G20 toed India line on banks
The finance minister, Mr Pranab Mukherjee, on Monday said the country’s opposition to a global bank tax to fund bailouts and its support to prudential regulations to avert financial meltdowns in future have been “by and large accepted” by the G-20 finance ministers.
“We are not in favour of having taxation on the banks. We suggested that ultimately you please take it up through the regulatory route. By and large, it was accepted,” Mr Mukherjee told reporters here on Monday a day after his return from the G-20 ministerial at Busan in South Korea.
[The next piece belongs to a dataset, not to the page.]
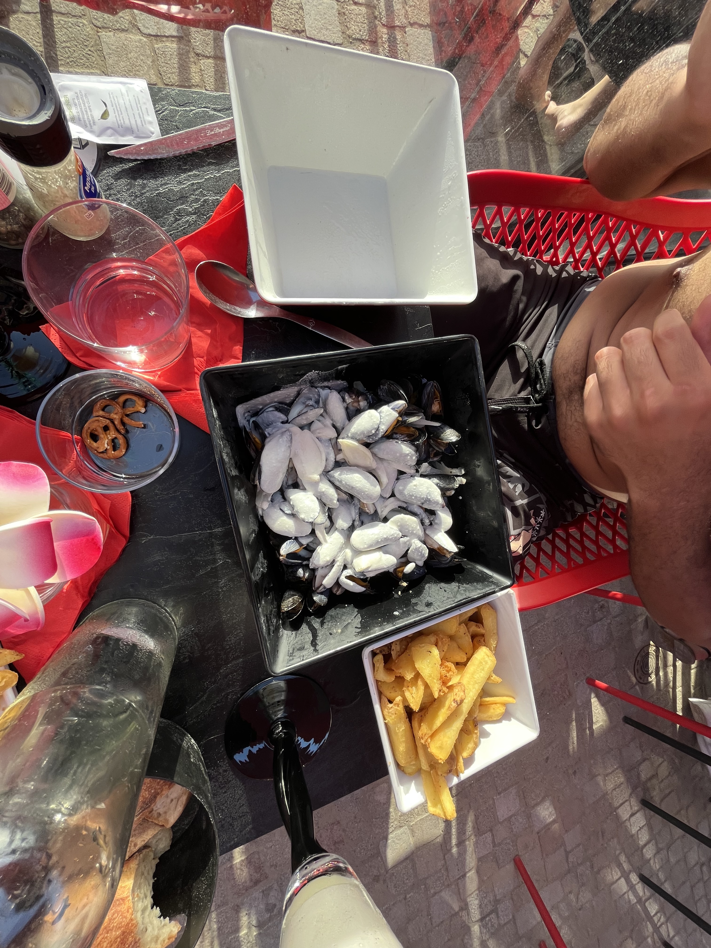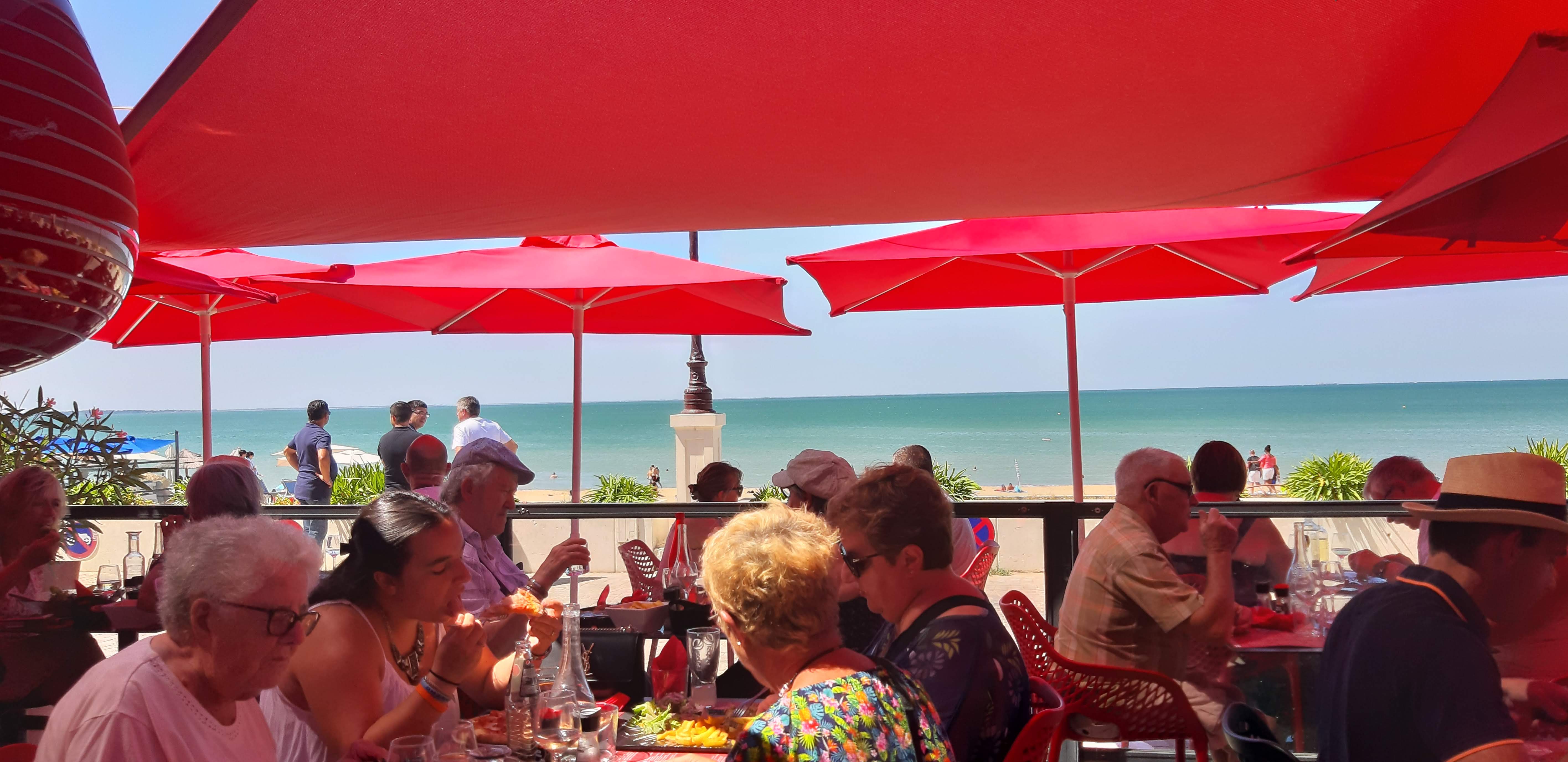 Nous avons eu une table dans une salle à l'écart dont nous étions seul car les tables avec vue sur mer étaient réservées après 1h de repas nous sommes rendu compte que ces tables que nous souhaitons étaient pas occupées et que les 10 personnes dernières nous étaient en vue sur terrasse ainsi qu'un grand nombre d'autres personnes, nous avons eu l'impression que nous derangions peu être du à nos origine étrangère de plus les serveurs sont empressée de vider notre table. Sinon pour les plats la pizza et bonne mais pour les moules frittes c'est pas leur spécialité.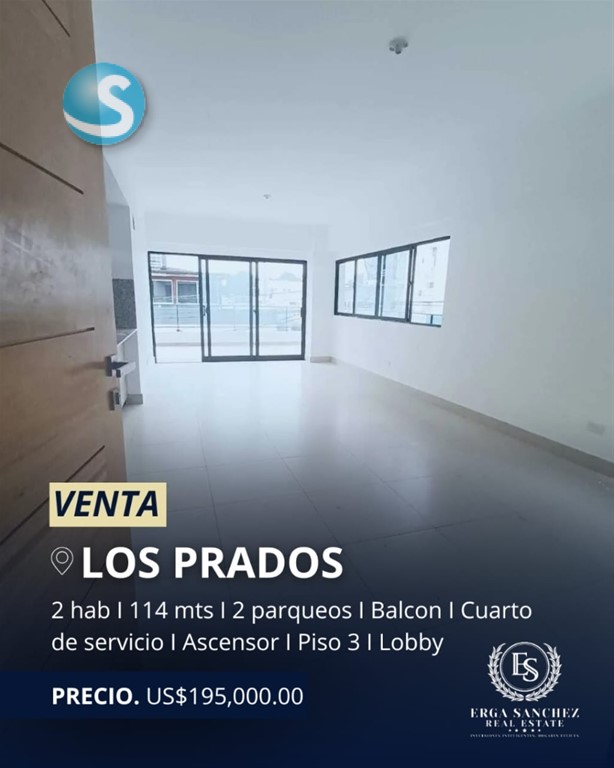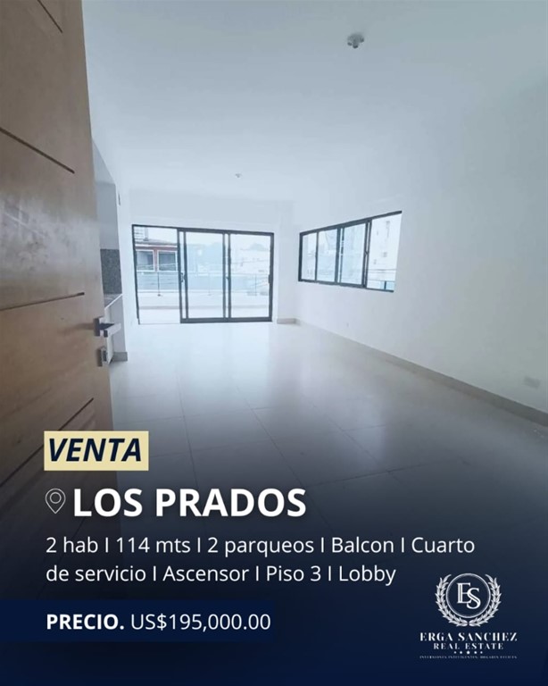 A ESTRENAR! hermoso apartamento 3er piso con balcón en??Los Prados / REBAJADO Un apartamento amplio, luminoso y moderno. Ubicado en área residencial cerca de todo CARACTERÍSTICAS Y AMENIDADES: 114 mts2 3er piso con ascensor 2 habitaciones cada una con su baño y closets en madera preciosa La habitación principal con balcón 1/2 baño de visita Cocina modular moderna Sala - comedor con mucha luz natural y balcón Cuarto de servicio con su baño Área de lavado Calentador a gas incluido Todas las puertas en madera preciosa, pisos y cerámicas importados 2 parqueos paralelos y techados Ascensor Seguridad 24/7 Cámaras en áreas comunes Lobby Planta full Gas común con medidor PRECIO: US$195,000.00 #KL

Besides India, Australia and Canada are also opposed to the proposal to tax banks, while the European Union, the US, and Britain favour the idea.
Even as the G-20 communique did not directly mention bank tax, it called for contribution from the financial sector players to the measures taken by governments to prop up economies so that taxpayers can be protected from funding future bailouts.
Mr Mukherjee said our way of regulating the banking system can help the developed world prevent bank failures. “We have regulatory tools such as Cash Reserve Ratio (CRR) and Statutory Liquidity Ratio (SLR) through which we regulate our banks, and if there is a well-placed regulatory mechanism, perhaps the type of problems which European and American banks are facing could be avoided,” the finance minister said.